Jeanette Terry, T1D, addresses the day-to-day struggles of living with diabetes to help improve overall adherence and management.

It has been a long road getting to where I am now: a place where I feel that I am in control of my diabetes, not the other way around. I was only 11 years old when I was diagnosed with type 1 diabetes, so I certainly didn’t understand the weight of that news. But as the years go on I sure do feel the weight more with each challenge as I try to maintain control of my diabetes and my overall health. Here are some tips that I wish I had known when I was first diagnosed that could make your life a little easier.

Counting carbs is not black and white

There are a lot of variables to consider when you are counting carbs. First, and most important to understand, is that everyone reacts differently to different foods.
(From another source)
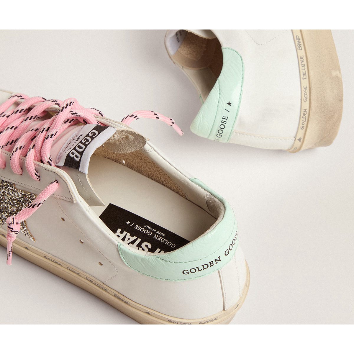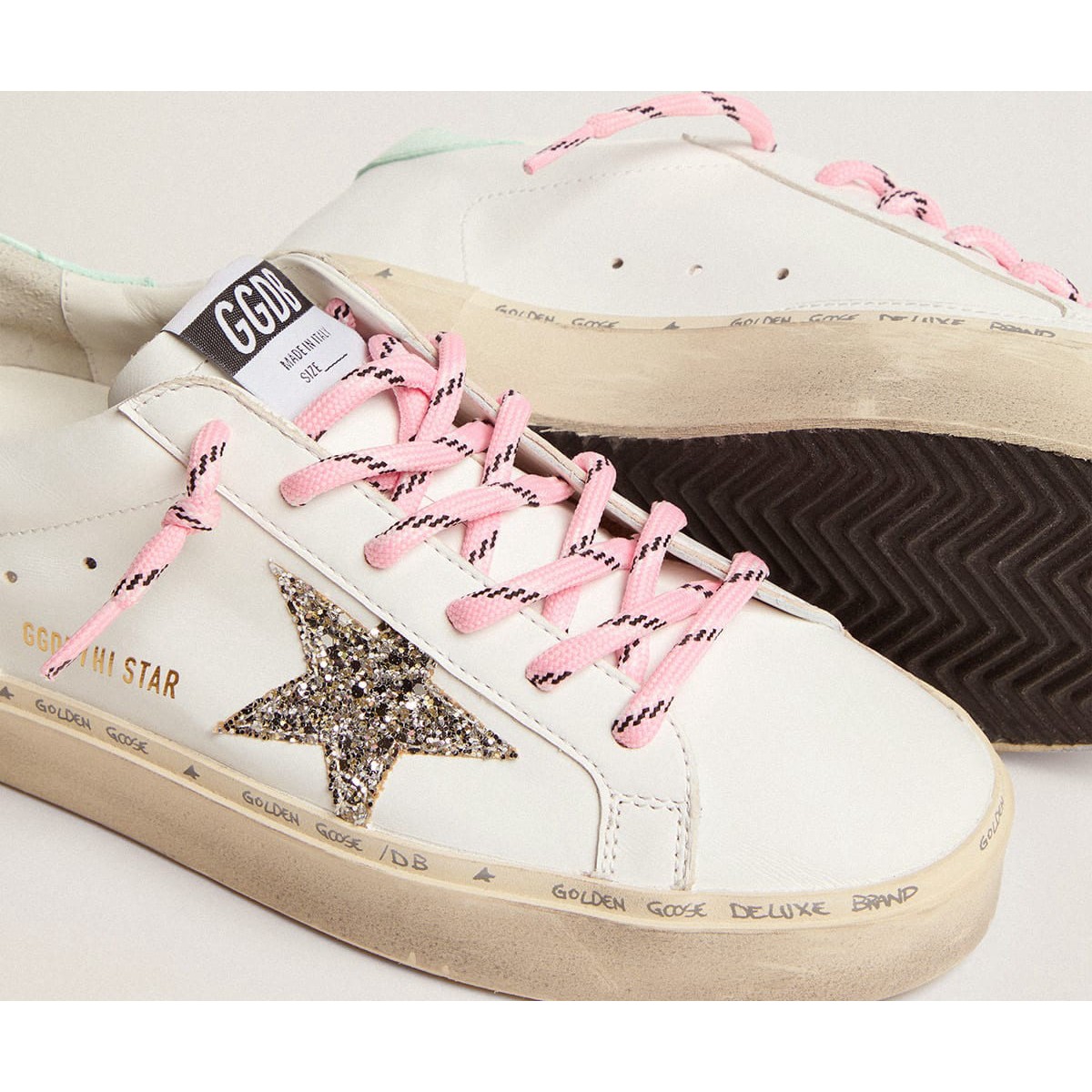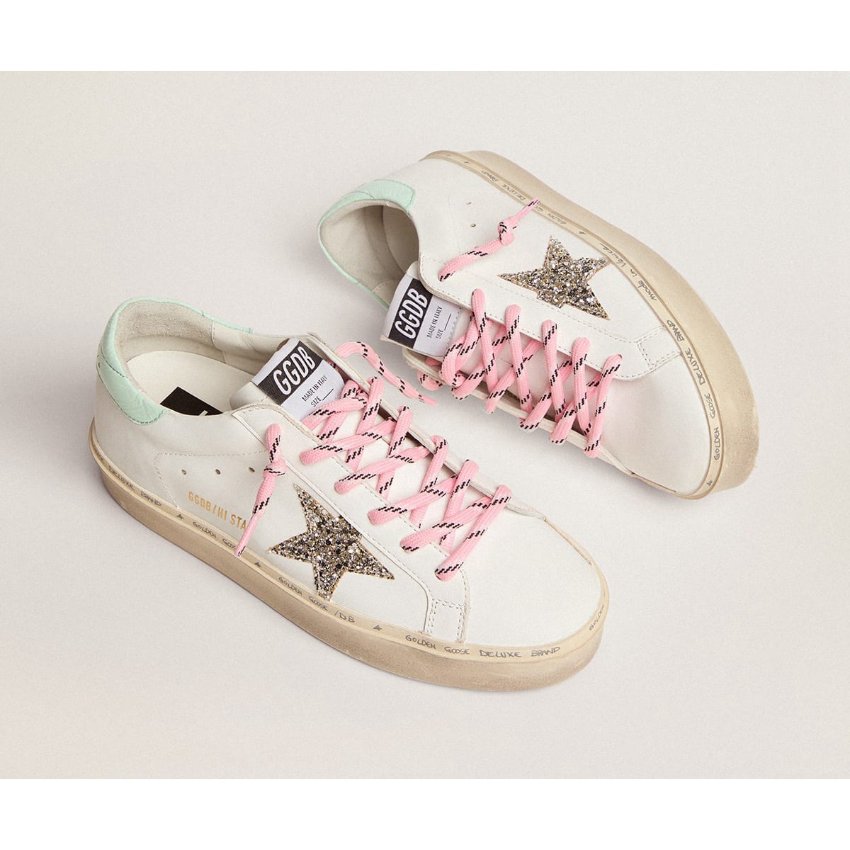 Scarpe Ginnastica Hi Star Women’s Golden Goose con stella glitter e tavolo AQUA Green Heel GWF00118.F002616.10925

You may eat exactly the same dish as another person with diabetes and have a dramatically different change in your blood sugar levels. Counting carbs is an important part of diabetes care, but you also have to learn by trial and error what your body can tolerate and how it reacts to the foods you usually eat. You may have to give a little more insulin for some foods even though the carbs don’t show it. It isn’t an exact science, but a learned skill that you will develop over time.

Start simple

Daily diabetes care can seem overwhelming, and if you don’t take it one day at a time it could stay hard forever. When I was diagnosed I didn’t want to have anything to do with the details of diabetes care. I did just enough to keep myself from getting sick but didn’t learn as I went. I realized after many years that when people asked me about diabetes I still didn’t know much about the disease. If I had tried to learn the important details from the beginning, I wouldn’t have had to play catch-up as an adult. So every day try to learn a little bit more about the disease itself and how it affects you personally.

A great way to learn how your body is affected by diabetes is to temporarily eat a simple diet with a limited number of different foods. Once you are able to accurately count the carbs and give insulin while maintaining healthy blood sugar levels, gradually add more foods to create a more complex diet. Eventually you will be able to eat pretty much any type of food you want and still be able to maintain good blood sugar control by giving more or less insulin to compensate for what you eat.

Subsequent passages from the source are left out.